As I write this, over 200,000 Americans have lost their lives in the Covid 19 pandemic. And worldwide, we’re approaching a million deaths. This leaves millions of people—children, parents, partners, friends, and family members—struggling with the unimaginable grief of having lost a loved one. Even worse is that many families are also dealing with the fact that the last time they saw their loved one was when they dropped them off at the emergency room or saw them loaded into an ambulance. No time to say goodbye, acknowledge what was happening, or to have those last quiet conversations.

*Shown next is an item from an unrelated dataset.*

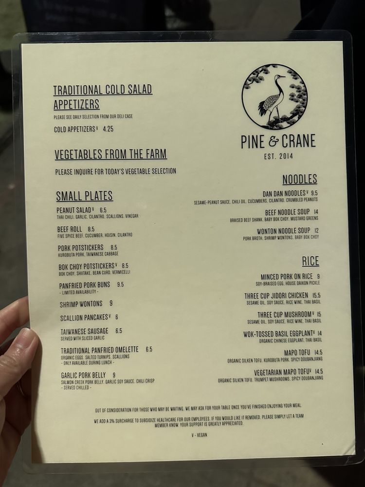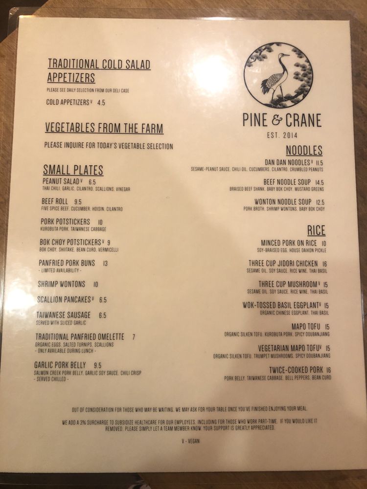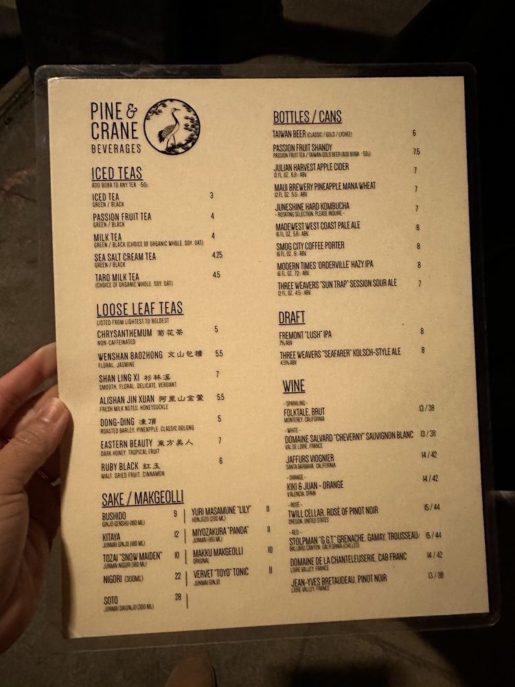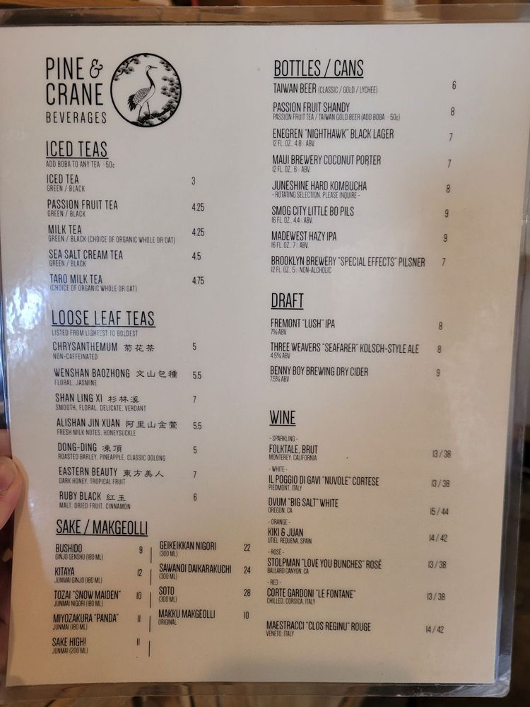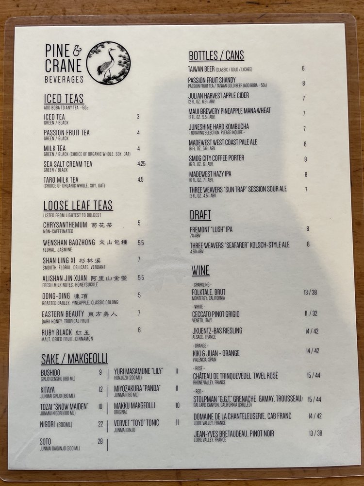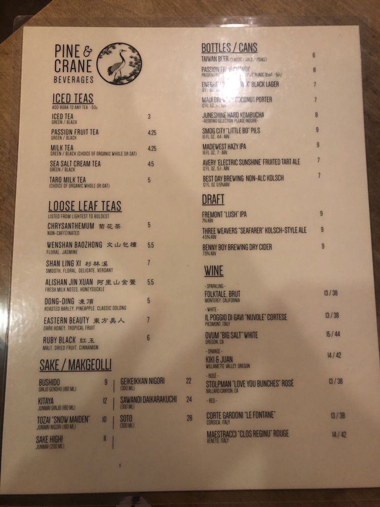 Pine & Crane Menu

And yet, for the most part nobody’s talking about the collective grief that’s blanketing our country, and countries around the world. However, we need to talk about the grief, about the incredible loss associated with this pandemic. We need to talk about the grief in order to acknowledge the loss, to show respect for those people who were a part of our lives who are now gone, and in order to begin to heal.
I’ve learned that grief can make people pretty uncomfortable. Many don’t want to mention it, or don’t quite know what to say. As a result, some people don’t say anything when they should, or act like the overwhelming loss never happened. Sometimes well-meaning people don’t want to bring up a death of a loved one for fear that they remind the grieving person of their sadness. Trust me, a recent loss is always front and center in a grieving person’s mind—there’s no danger that they’ve forgotten it.

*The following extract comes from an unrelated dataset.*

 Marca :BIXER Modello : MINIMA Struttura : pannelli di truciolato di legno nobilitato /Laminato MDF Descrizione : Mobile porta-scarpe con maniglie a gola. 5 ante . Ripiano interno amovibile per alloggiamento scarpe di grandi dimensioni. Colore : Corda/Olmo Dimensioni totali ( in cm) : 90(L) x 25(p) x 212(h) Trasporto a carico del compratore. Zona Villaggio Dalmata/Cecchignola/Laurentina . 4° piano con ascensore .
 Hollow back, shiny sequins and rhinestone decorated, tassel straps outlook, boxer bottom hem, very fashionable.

So, I’m going to talk about grief, because I know a little bit about it, and it’s still pretty fresh. Two years ago, I lost my 28 year old son to a rare and aggressive kind of cancer. I understand the devastation of losing a child; of losing someone that was as important to me as life itself. Knowing that I would lose my son, I soaked up every atom of him while he was alive. And I was able to have those last quiet conversations and be with him at the end. In light of this Covid pandemic, I now see that those last months, days, and hours were incredible gifts.

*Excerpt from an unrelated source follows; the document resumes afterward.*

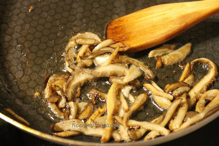Обжарить сначала морковь с луком до золотистого цвета. Переложить на тарелку. Затем обжарить в этой же сковороде грибы. Вскипятить бульон, добавить к нему обжаренные овощи. Варить 10 минут, посолить и выключить огонь. В отдельной кастрюле отварить макароны, согласно инструкции на упаковке.
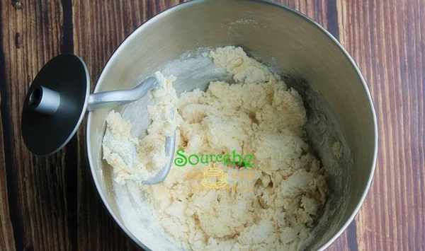 面包基本制作流程:高筋面粉、牛奶、雞蛋、白砂糖、鹽、酵母倒入廚師機,用手動攪拌均勻之後,按廚師機4擋揉15分鐘左右,讓面粉揉到起筋,加入室溫軟化的黃油,繼續揉至一直揉到完全階段。

I learned that grief does funny stuff to your brain. It rations out only as much pain as you can take in the moment. Early on, there was a kind of numbness where I remember thinking, “This doesn’t feel so bad.” But of course, the Novocaine of numbness began to wear off, and the grief came rushing in as waves. Sometimes they were little wavelets lapping at my ankles, but more often the waves were overwhelming, giant breakers that came out of nowhere, triggered by a song, a word, a picture. Those big rollers tossed me around and spit me out exhausted and inconsolable. My point is that the intensity of grief changes minute to minute.
Grief makes you forgetful and distracted. Your brain is numb, and you’re trying to function on autopilot. At one point, I got lost driving home from the airport; a drive I’d made hundreds of times. Another time, a grief counselor told my husband and me to be careful out there, because in our altered state of grief, we were dangerous.
While grief is all about emotional pain, it also can have some very real physical manifestations. For several months after my son died, I felt as if I had been beaten up. I was exhausted, had vertigo, and for a while I smelled things that weren’t there. The physical fallout from grief causes inflammation and diminished immunity. It can be responsible for frequent colds and flu, digestive problems, insomnia, high blood pressure, and aches and pains.
I’ve have learned that I don’t corner the market on grief; everyone has grief and loss in their life at some point. This has become very clear in the days of Covid 19. I’ve also found that this kind of sadness doesn’t end, it just continues to change. I used to think of grief as something you eventually get over. But I now know that’s not the case. The grief will keep changing, like a child growing where once you get a handle on the Terrible Two’s, they turn three. I’ve been told that with time, the sadness recedes enough that the good memories begin to shine through. I look forward to that time, but for right now, I’m still standing in the surf.
If you know someone who has lost a loved one to Covid 19, please reach out to them. Acknowledge their loss and their pain, and let them know that you’re thinking about them.